I have a question similar to this one, using a generic function of the kind:

def f(a, b):
   return Something

This something can be a scalar, or a tensor. The application of f should be all-to-all from the rows of two matrices that are possibly aliased like:

def apply_very_slow(source1, source2):
    s = torch.tensor(...) # compute the right dimensions
    for i in range(k):
        for j in range(k):
            p = f(source1[i], source2[j])
            s[i,j] = p

Of course this is immensely slow. I could be calling apply_very_slow with the same argument apply_very_slow(M, M) or different tensors apply_very_slow(M, N), but I have no guarantee that in this case M and N point at the same data.

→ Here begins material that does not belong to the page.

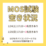 - MOS試験1/24(土)17:15~3名空きあり。1/25(日)17:15~2名空きあり。MOS試験1/24(土)は17:15~3名空あり、1/25(日)17:15~2名空きありです。 当会場では、 Excel365 ・Word365・ PowerPoint365・Excel365Expert・Word365 […]

Moreover, I'd like the results to be autograd-friendly. No problem if f must be converted to a class. In the questions I've linked they use torch.nn.functional.kl_div, but I need a solution to be generic.

Any hints?

Solution

You are looking to apply f in an outer fashion, ie. of the form i,j->ij. You can do so with broadcasting by unsqueezing dimensions on both inputs:

>>> M = torch.rand(10, 3)
>>> N = torch.rand(5, 3)

Here are some example functions applied (F.kl_div, F.l1_loss, and F.pairwise_distance):

 >>> y = F.kl_div(M[:,None], N[None], reduction='none')
 # shape of (10, 5, 3) last dim not reduced

 >>> y = F.l1_loss(M[:,None], N[None], reduction='none')
 # shape of (10, 5, 3) last dim not reduced

 >>> torch.pairwise_distance(M[:,None], N[None])
 # shape of (10, 5) last dim reduced